### WHAT THE TASK REQUIRES
Will you output all of the data below exactly, omitting the images?

• • • •

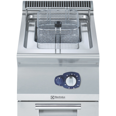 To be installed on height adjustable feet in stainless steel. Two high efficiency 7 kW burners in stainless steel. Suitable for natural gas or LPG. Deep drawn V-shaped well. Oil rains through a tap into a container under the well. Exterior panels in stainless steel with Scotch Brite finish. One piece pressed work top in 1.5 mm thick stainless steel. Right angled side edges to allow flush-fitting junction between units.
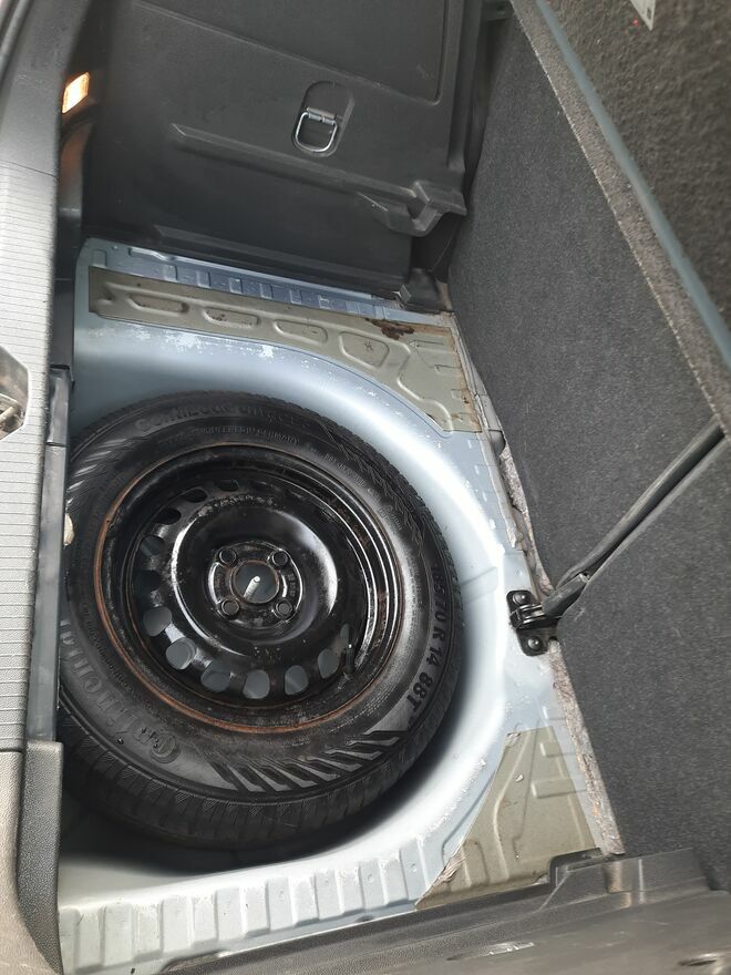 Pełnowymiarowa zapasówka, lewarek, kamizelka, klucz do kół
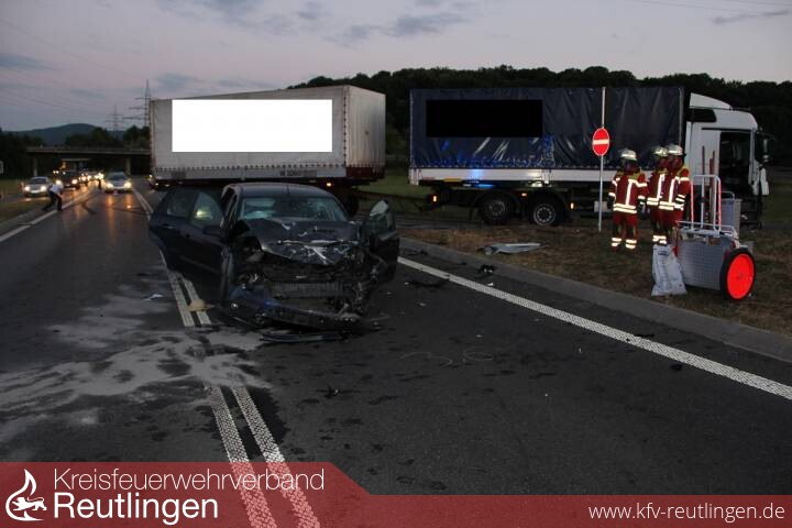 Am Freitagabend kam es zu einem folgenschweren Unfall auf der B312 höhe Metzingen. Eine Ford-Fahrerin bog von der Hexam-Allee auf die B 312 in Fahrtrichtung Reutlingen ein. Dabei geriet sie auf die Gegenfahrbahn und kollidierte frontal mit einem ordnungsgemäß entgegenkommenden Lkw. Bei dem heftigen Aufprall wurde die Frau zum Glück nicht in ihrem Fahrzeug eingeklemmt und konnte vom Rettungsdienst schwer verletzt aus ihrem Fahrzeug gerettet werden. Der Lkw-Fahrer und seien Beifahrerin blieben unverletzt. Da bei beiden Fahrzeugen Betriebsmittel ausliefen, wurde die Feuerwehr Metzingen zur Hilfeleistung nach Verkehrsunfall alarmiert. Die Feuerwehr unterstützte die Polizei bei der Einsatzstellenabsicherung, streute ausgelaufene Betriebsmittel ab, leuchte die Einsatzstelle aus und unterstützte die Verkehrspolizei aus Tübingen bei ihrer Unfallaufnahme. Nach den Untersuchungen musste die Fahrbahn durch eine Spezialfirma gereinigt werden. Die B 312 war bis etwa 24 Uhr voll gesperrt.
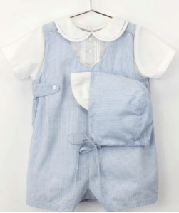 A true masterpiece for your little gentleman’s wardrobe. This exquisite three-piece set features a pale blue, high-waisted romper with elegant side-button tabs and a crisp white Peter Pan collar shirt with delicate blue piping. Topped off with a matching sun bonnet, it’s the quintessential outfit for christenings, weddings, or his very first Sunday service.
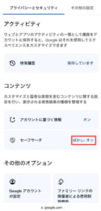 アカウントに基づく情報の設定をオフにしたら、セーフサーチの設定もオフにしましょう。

• • • •

### EXERCISE OUTPUT
 To be installed on height adjustable feet in stainless steel. Two high efficiency 7 kW burners in stainless steel. Suitable for natural gas or LPG. Deep drawn V-shaped well. Oil rains through a tap into a container under the well. Exterior panels in stainless steel with Scotch Brite finish. One piece pressed work top in 1.5 mm thick stainless steel. Right angled side edges to allow flush-fitting junction between units.
 Pełnowymiarowa zapasówka, lewarek, kamizelka, klucz do kół
 Am Freitagabend kam es zu einem folgenschweren Unfall auf der B312 höhe Metzingen. Eine Ford-Fahrerin bog von der Hexam-Allee auf die B 312 in Fahrtrichtung Reutlingen ein. Dabei geriet sie auf die Gegenfahrbahn und kollidierte frontal mit einem ordnungsgemäß entgegenkommenden Lkw. Bei dem heftigen Aufprall wurde die Frau zum Glück nicht in ihrem Fahrzeug eingeklemmt und konnte vom Rettungsdienst schwer verletzt aus ihrem Fahrzeug gerettet werden. Der Lkw-Fahrer und seien Beifahrerin blieben unverletzt. Da bei beiden Fahrzeugen Betriebsmittel ausliefen, wurde die Feuerwehr Metzingen zur Hilfeleistung nach Verkehrsunfall alarmiert. Die Feuerwehr unterstützte die Polizei bei der Einsatzstellenabsicherung, streute ausgelaufene Betriebsmittel ab, leuchte die Einsatzstelle aus und unterstützte die Verkehrspolizei aus Tübingen bei ihrer Unfallaufnahme. Nach den Untersuchungen musste die Fahrbahn durch eine Spezialfirma gereinigt werden. Die B 312 war bis etwa 24 Uhr voll gesperrt.
 A true masterpiece for your little gentleman’s wardrobe. This exquisite three-piece set features a pale blue, high-waisted romper with elegant side-button tabs and a crisp white Peter Pan collar shirt with delicate blue piping. Topped off with a matching sun bonnet, it’s the quintessential outfit for christenings, weddings, or his very first Sunday service.
 アカウントに基づく情報の設定をオフにしたら、セーフサーチの設定もオフにしましょう。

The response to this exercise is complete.